Шрифт:
Интервал:
Закладка:
От нахлынувшей зимней депрессии меня спасает только одно. В пять часов вечера мы созваниваемся с Рилом. В это время у них чаще всего полёты уже заканчиваются. И ради этого я делаю все, чтобы день прошёл как можно скорее. Мы можем разговаривать часами. И тем для этого — целое множество. Иногда он мне рассказывает про их полёты. Ничего конкретного, что могло бы нарушить государственную или военную тайну, он, конечно, не говорит. Скорее он рассказывает про свои ощущения в целом, про красоту, которую видит из самолёта, про обычаи и причуды корейцев, про выходки сослуживцев и так далее. Вопреки новостям из телевизора, Рил говорит, что у них в КДНР относительно безопасно, и воздушных сражений практически не происходит. Довольно странно. Ведь если верить ему, то они просто летают вдоль границы и “пугают” своим видом американцев. Почему же тогда он каждый вечер так сильно вымотан как физически, так и психологически? Я вижу, что ему нужна моя поддержка, и я даю ему её. Иногда он хочет просто поговорить о московской погоде, о моих “успехах” на работе или про Ленку и Антона. Этим самым он отвлекается от своих будней.
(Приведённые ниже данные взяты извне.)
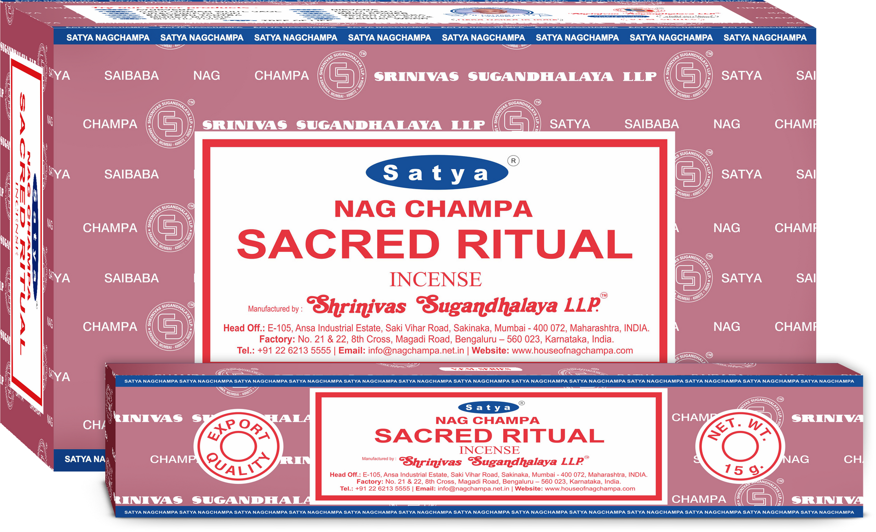 Satya Nag Champa - Sacred Ritual. 15g Box of 12. Message or call us for case and pallet information. Genuine Satya Brand incense from the company that brought you the original world famous Nag Champa

Вот и сегодня я ушла в работу полностью, чтобы день пролетел побыстрее. В пятом часу вечера я, как обычно, начала ждать его звонка. Но время идёт, а он не звонит. Наверное, очень занят, поэтому переживать не надо. Тем более у них уже вечер, а, как говорит Рил, по ночам они стараются не летать.
В восемнадцать ноль-ноль, когда я уже собиралась уходить домой, на всякий случай, набираю его номер. Гудки идут, но трубку никто не берет. В течение часа пробую ещё дважды, но тот же результат. Что-то точно случилось.
На следующий день, когда я была уже на работе, мне позвонили с незнакомого номера.
— Алло, — отвечаю я, ожидая услышать голос Рила.
— Доброе утро, — ответил немного смущенный и печальный незнакомый мужской голос. — Говорит майор Титаренко. Вы Лани?
— Да, — аккуратно подтверждаю я.
— Кем Вам приходится старший лейтенант Машков Кирилл? На его телефоне подавляющее большинство вызовов на Ваш номер.
— Я… — осекаюсь я, понимая, что сердце ускоряет темп. — Я его девушка.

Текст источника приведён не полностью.